An Existential Battle for the Franchise System
Image Credit: Scout.
The Colorado decision is especially significant because the state boasts one of the strongest electric vehicle markets in the country, with roughly 27 percent of all vehicle sales being electric. Federal and state incentives have helped fuel demand, though shifts in incentive structures have recently moderated growth. Even in a strong market, dealers feel pressured as new direct sales approaches gain regulatory footholds.
Maroone has proposed that dealers consider a multipronged response that could include litigation, negotiation, and political advocacy. He underscored the value of dealer associations in unifying opposition and leveraging political capital to defend the status quo.
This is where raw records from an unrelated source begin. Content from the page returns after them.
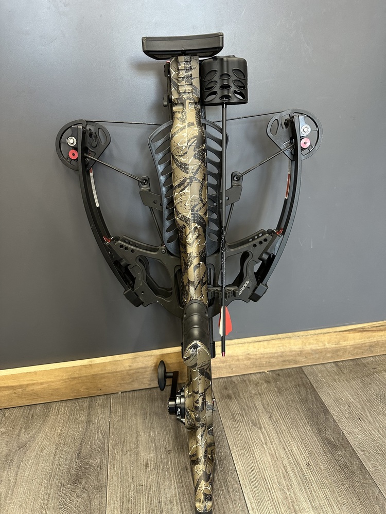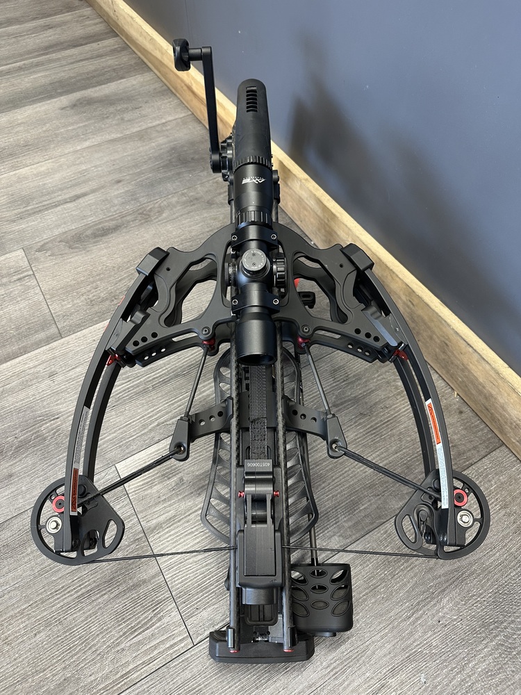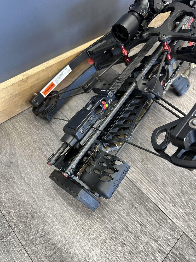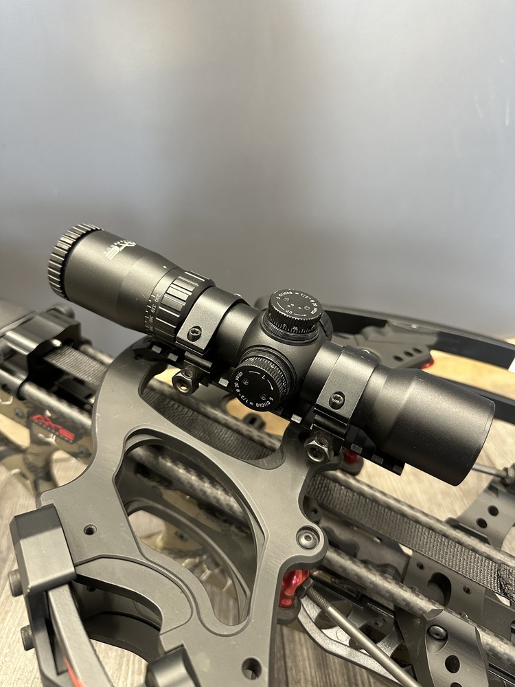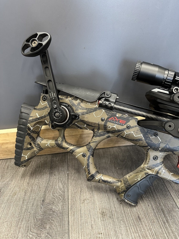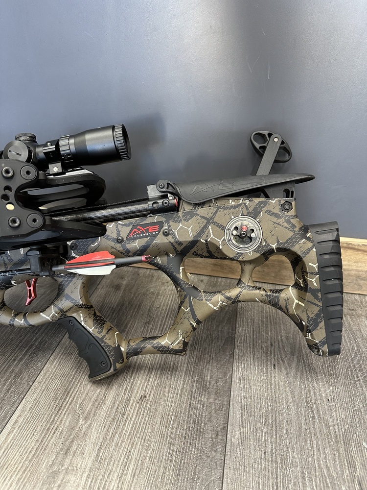 For sale, we have an Axe AX405 Crossbow Package with Scope. The crossbow is in good condition with some signs of use as shown in the pictures. Comes with 1 arrow. The scope is missing 2 of the adustment caps as shown in the pictures. If you have any questions before purchasing pleas elet us know. (134476)(CXX)
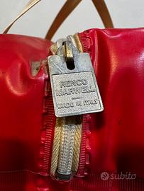 Questo oggetto è una borsa termica vintage Coca-Cola prodotta da FRENCO MARWELL per The Coca-Cola Company. Presenta il classico logo rosso e bianco del marchio. Riporta la scritta "Bevete" (italian version) e "MARCHIO REG." Ideale per collezionisti di memorabilia legati al marchio.
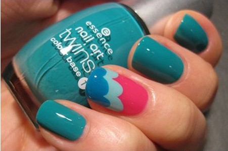 屬于夏日的色彩,我們又怎么可以少了湖水綠色的指甲顏色呢。大片的湖水綠色甲油均勻地涂抹在每個(gè)指尖,讓人感受到絲絲的清涼。選取其中一個(gè)指甲做些小裝飾,畫(huà)上了桃紅色,薄荷綠色和天藍(lán)色組成的波浪圖案,如海水般充滿(mǎn)動(dòng)感。
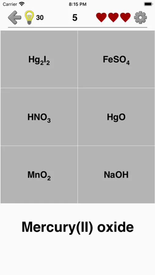 * Flashcards where you can browse all compounds and their formulas without guessing.
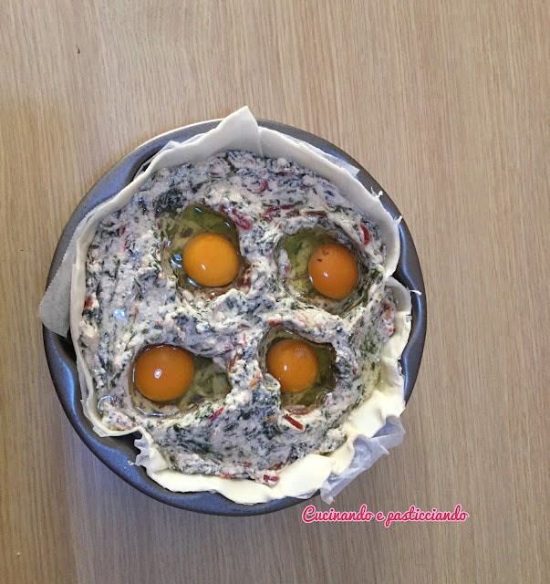 Bekleed de bakvorm met de eerste deegcirkel, zonder het bakpapier te verwijderen. Leg de ricottavulling erin, maak 4 gaten met een lepel en plaats in elk gat een ei.
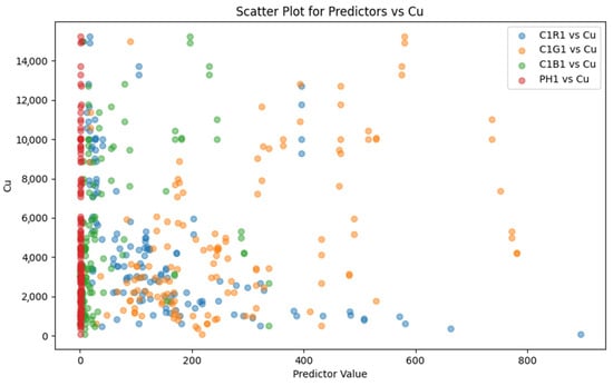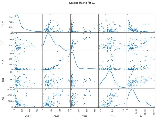 Figure 4 illustrates the correlations of RGB-pH vs. Cu, which are visually confirmed by the scatter plot matrix presented in Figure 5. It illustrates that Cu concentration typically decreases with higher C1R1 values, while positive trends are observed between C1G1, pH1, and Cu concentration, consistent with the numerical correlations. Figure 6 provides scatter plots of each predictor against Cu concentration, further highlighting the influence of each variable on Cu recovery, in alignment with the trends identified in the matrix analysis.
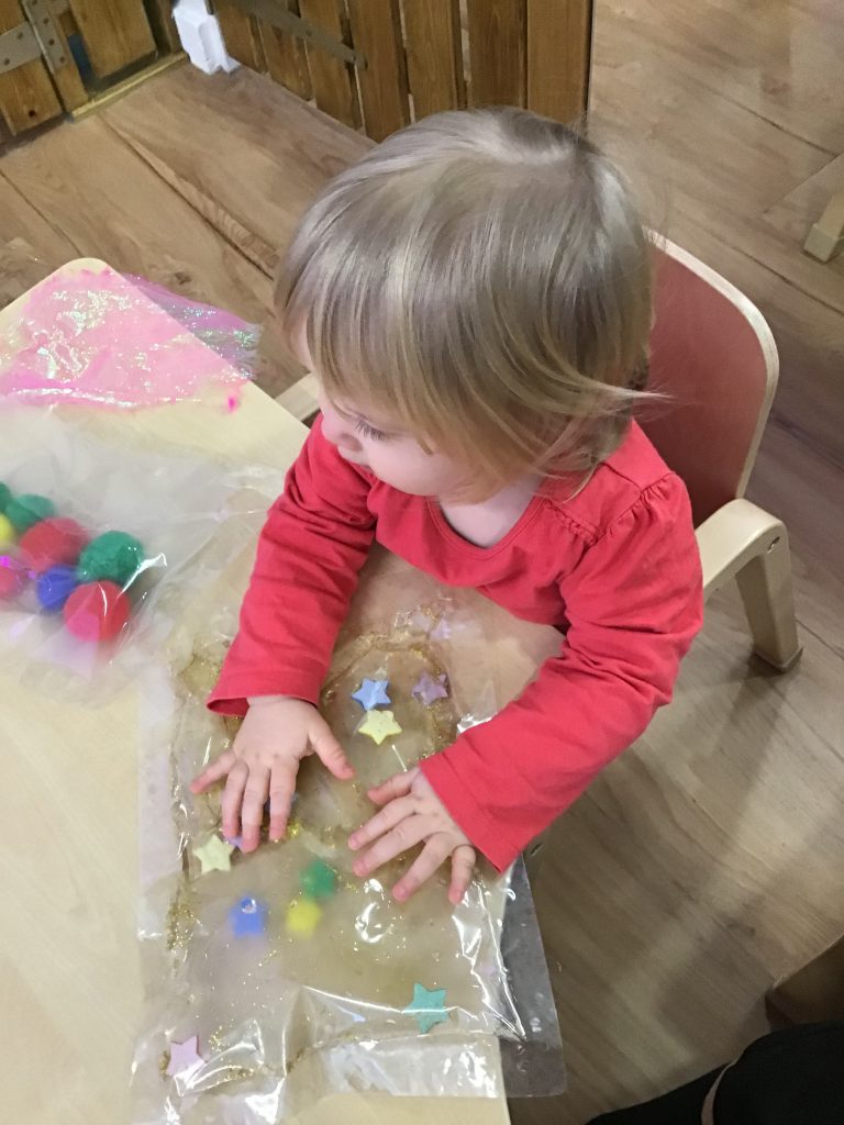All this exploration encouraged speech with the children using single words, sometimes putting more words  together as they played with the materials. For Jack it was a, “Wow!” whilst  Eleanor said, “Shake it, shake it stars!”
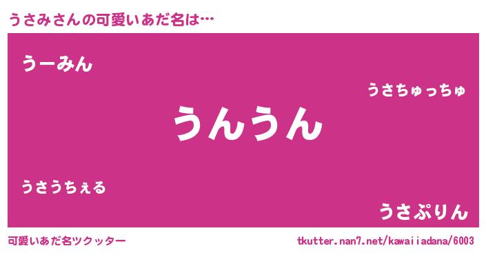 | ヘコむあだ名 | 『うさにー』『酢こんぶ』『うさっ子』 |

In his view, the threat is existential rather than theoretical, with manufacturer-owned direct sales potentially eroding the economic foundations of independent dealers.
The friction goes beyond Colorado. Dealer groups nationwide, including the National Automobile Dealers Association, have pledged to challenge Scout’s direct-to-consumer strategy in courts and statehouses across the country. These challenges echo earlier disputes over Tesla and other electric vehicle makers that have similarly eschewed franchise networks, testing state franchise laws that were drafted long before internet-based sales were possible.
In some states, dealers have already escalated their opposition into litigation. For example, in Florida, Volkswagen and Audi dealers filed a lawsuit claiming Scout’s direct sales violated state law by accepting deposits for vehicles not yet in production. They contended that taking deposits constituted sales under state definitions and sought injunctions to halt the practice. The dispute underscored how legal interpretations of sales activity vary widely across states.
A Battle Over the Future of Car Buying
Scout’s supporters argue that the direct model aligns with evolving consumer expectations shaped by online retail and digital services. They contend that eliminating intermediaries can reduce friction and cost while offering buyers a more transparent experience. Scout’s leadership has expressed optimism about consumer demand for its Terra pickup and Traveler SUV, even as dealer pushback grows.
At its core, the conflict encapsulates a broader industry transformation. Traditional dealers emphasize their local economic impact and service capacity. Direct-to-consumer proponents highlight efficiency and modern customer engagement. As Scout and similar brands expand, the legal, economic, and political wrangling will likely continue, shaping how Americans buy vehicles in the decades ahead.